Dumb question....Shoe Goo has been recommended for slots for ages...where do you get the stuff? I haven't seen a shoe repair shop in 20 years, so I assume some national chain stocks it?
I've been using JB products for more "rigid" applications but the Goo is somewhat flexible as I understand it. John
I've found Shoo Goo at Walmart. Another version of that product is Automotive Goop and can be found at most major auto parts stores.
I have a cheap glue gun from a dollar store that works just fine. I race without magnets and my motors do not get hot. If they did I would get high temperature glue sticks from a hardware store. Silicone glue works well if you are not in a rush.
much thanks , my server is down , so , on my day off here i am at work to get "up to date" . just came from the local hobbie store and have a couple products , new to me , but needed for my car to "survive" while on the road . shoe goo it is . course the first time i used it it was to make my own fly fishin` shoes . glued felt to the bottom of olde work boots . my tube is aged a bit and it dosen`t flow anyhow , since i can`t seem to find an accessory tip will have to improvise . as i said , most of the pictures i`ve seen of this look absolutely horrible . i know it`s under the body and can`t be seen , and well there is no longer a "first shirt" in my life but my work clothes would always pass his inspection . hope all you all understand that statement . those of you who vied for soldier of the month understand full well , just what that means .
again thanks for all input . you guys are a wealth of knowledge , and the best part is , as we all learned it in pre-school/kindergarten , we share . thanks for openin` the encyclpedia , "slotcarillustrated" .
as for screws to secure the motor , the ninco chassis in question has no holes and makin` em could disqualify my entry .
Last edited by Jerry LaGesse; 06-19-2012 at 08:19 AM.
Just thought I would mention ... Shoe Goo is indeed a great choice, particularly if you want to be able to remove the motor later; but if this isn't a concern, then consider good old CA glue - I have used it successfully both for attaching to plastic pods and for installing an S-can into a brass mount (the motor didn't have any screw holes).
Hot glue, for years, 2 of pretty intense local racing (20V power supplies and heavy magnets) in short track NASCAR events.
Now in the 5th and 6th seasons of various proxy events. The motors have never come out, or come back loose. One set of gears was chewed smooth, but no motors out of cradles. The crown was a stock item on a pretty heavy car.
To get the motors out at season's end, I just use a chisel style dull X-acto blade and run it down between the can and the glue. It has never taken more than about 5 minutes. Like M&M's, there's never a gooey mess.
so , after a little shoe goo , i filled between goo spots with g/e brand fishtank silicone . took over night to set-up , but the motor should be in `till i take it out . in the goo is also the rods a fabricated to stiffin` the chassis . one down either side and snug to the ribs in the chassis . i used the same method for the rear bushings and for the axle tube i made for the front . lead weight , uummm , i put two squares in front under the axle behind the guide center . on each side i put two squares just in front of the rear wheels . they are as far outboard as i could put them with out rubbin` against the inside of the body .
guess i`am as ready as i can be for my first scitcc race . now to wait for september first (if`n thats the day this year) !
Hot glue guns aren't expensive unless you're buying professional guns for serious industrial work.
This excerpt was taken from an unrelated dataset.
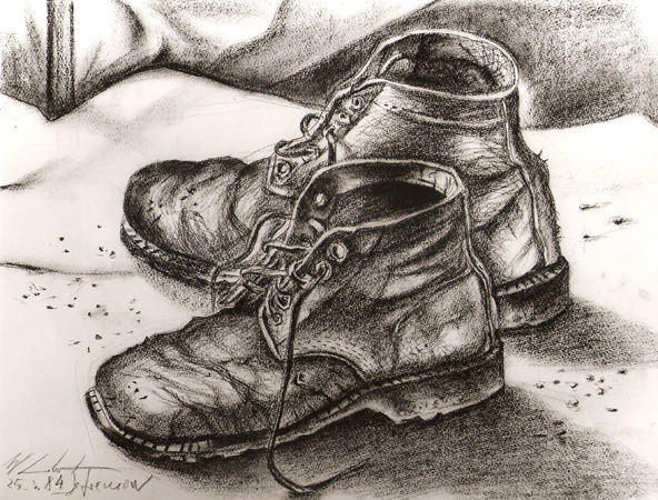 Arbeitsschuhe (Jefremow) 1984, Kreidezeichnung auf Papier

There are many inexpensive guns made for crafters; what works best for our toys are high-temp or multi-temp guns with long skinny nozzles. And you need the right glue! Glues come in low-, multi-, and high-temp variations, and different formulas are made for different materials. Get hot glue formulated for non-porous applications (i.e., plastic and metal). Don't use very high temperature glue guns or you risk melting plastic parts on your cars. Low-temp glues can loosen from motor heat and most low-temp glues are not formulated to bond on non-porous materials.
Here is an old post I wrote about what to look for.
To increase the strength and life of a hot glue bond on plastic & metal, pre-clean the parts with 91% or higher isopropyl alcohol and let them dry. Just don't start a fire from the flammable alcohol getting together with the hot gun. And don't let the alcohol get onto painted cars or tampo, directly or from your fingers!
Shoo goo fumes while the stuff cures aren't good to breathe! Hot glue doesn't have any such toxic odor, and cures in moments.
Great post JML. I avoid the Goop fume problems by gluing outdoors. Fortunately my workshop has a door to the exterior, and a work table right outside the door. And a light over the door for late-night glue excursions.